The answer must be an exact copy of the lines from the one with "4.费用方面,不算胚胎冷冻费" through the final line below, with no pictures and nothing else.
** Opening INFORMATION SUPPLIED block **
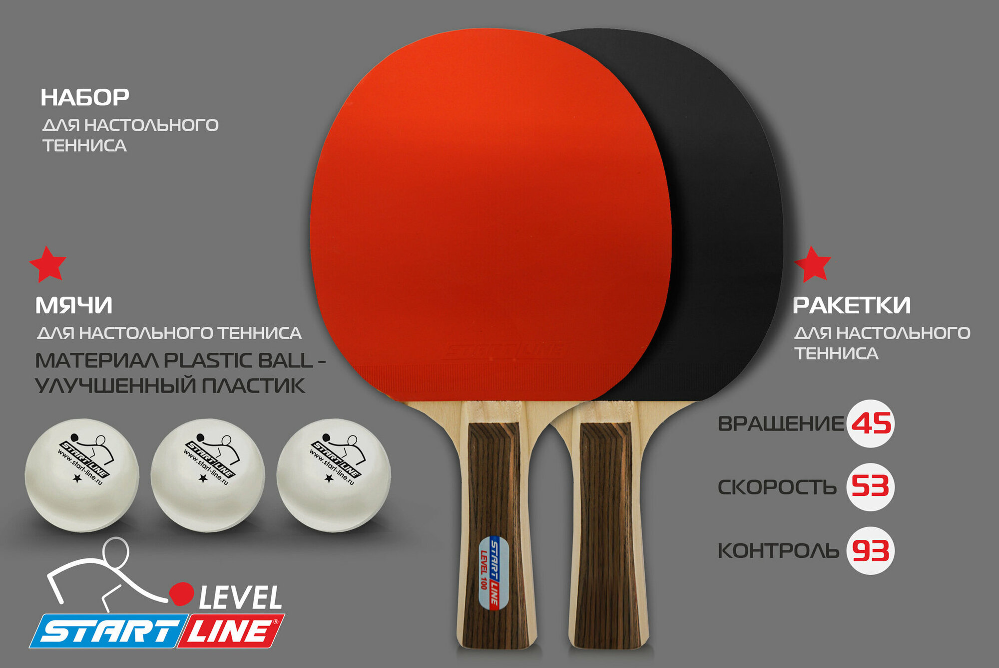 Ракетки для настольного тенниса Набор 2 р-ки Level 100, 3 мяча club Select 61200
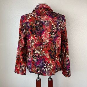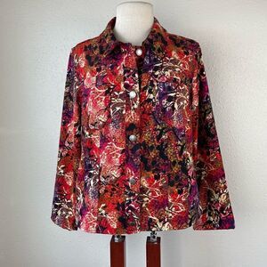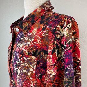 Beautiful colors and print on this heavy shirt/light jacket top by Christopher & Banks. It measures 20 inches armpit to armpit laying flat and 22 inches in length from shoulder to hem.
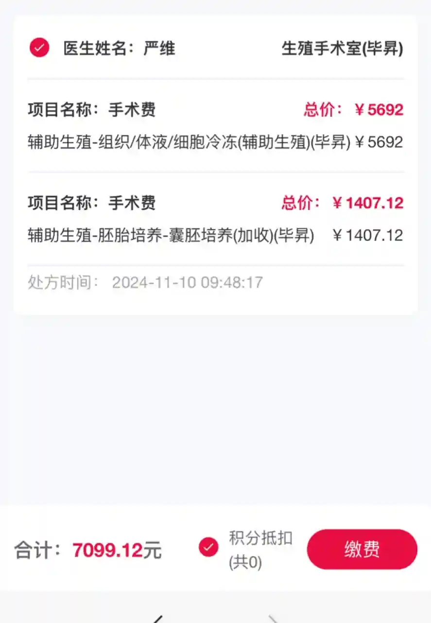 4.费用方面,不算胚胎冷冻费,实际支出差不多1.2,杂七杂八所有都算上了。双方加起来医保报销4532,如果两次报销机会用完还要促的话,就是1.65,比去年vip一促一移便宜了太多太多,去年算上宫腔镜一共7+。11月10日更新:以前办的特需,不知道胚胎还有单独的冷冻费,一管1423,就让第三天的胚胎宝宝也都住的单间囊胚培养费1407一枚,1423×4+1407=7099元。本周期实际支出1.91。
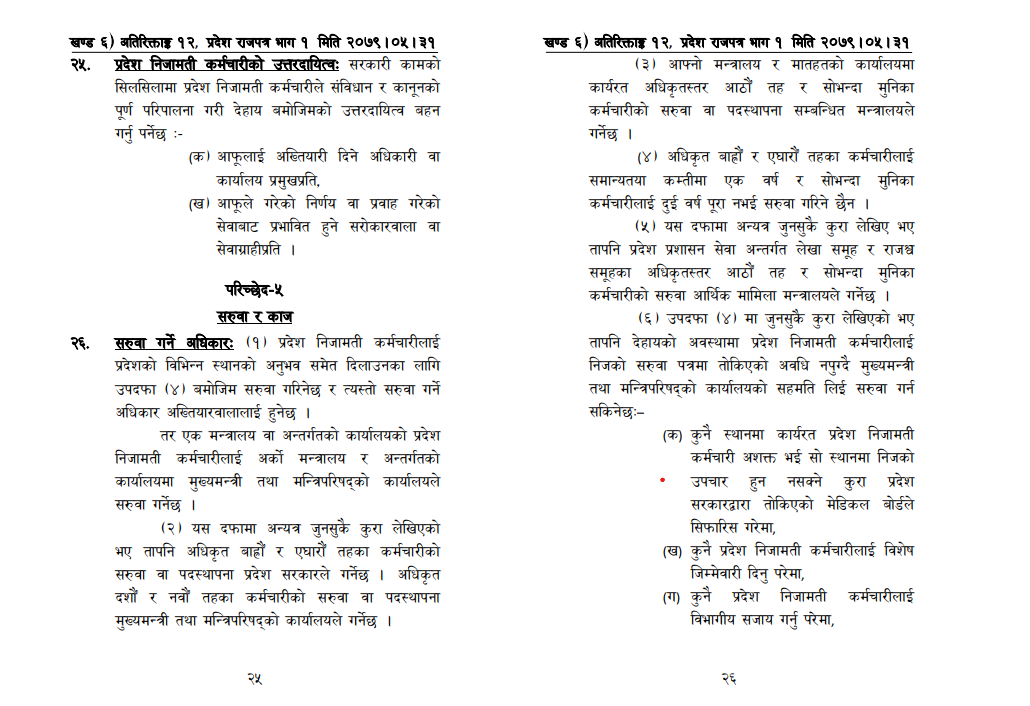 प्रदेश निजामति सेवा ऐनको दफा २६ मा सरूवा सम्बन्धी व्यवस्था छ। दफा ६ को उपदफा (४) मा 'अधिकृत १२ औं र एघारौं तहका कर्मचारीलाई सामान्यतया कम्तिमा एक वर्ष र सोभन्दा मुनिको कर्मचारीलाई दुई वर्ष पूरा नभई सरुवा गरिने छैन' भन्ने व्यवस्था छ।
** Closing INFORMATION SUPPLIED block **
TASK RESPONSE:
 4.费用方面,不算胚胎冷冻费,实际支出差不多1.2,杂七杂八所有都算上了。双方加起来医保报销4532,如果两次报销机会用完还要促的话,就是1.65,比去年vip一促一移便宜了太多太多,去年算上宫腔镜一共7+。11月10日更新:以前办的特需,不知道胚胎还有单独的冷冻费,一管1423,就让第三天的胚胎宝宝也都住的单间囊胚培养费1407一枚,1423×4+1407=7099元。本周期实际支出1.91。
 प्रदेश निजामति सेवा ऐनको दफा २६ मा सरूवा सम्बन्धी व्यवस्था छ। दफा ६ को उपदफा (४) मा 'अधिकृत १२ औं र एघारौं तहका कर्मचारीलाई सामान्यतया कम्तिमा एक वर्ष र सोभन्दा मुनिको कर्मचारीलाई दुई वर्ष पूरा नभई सरुवा गरिने छैन' भन्ने व्यवस्था छ।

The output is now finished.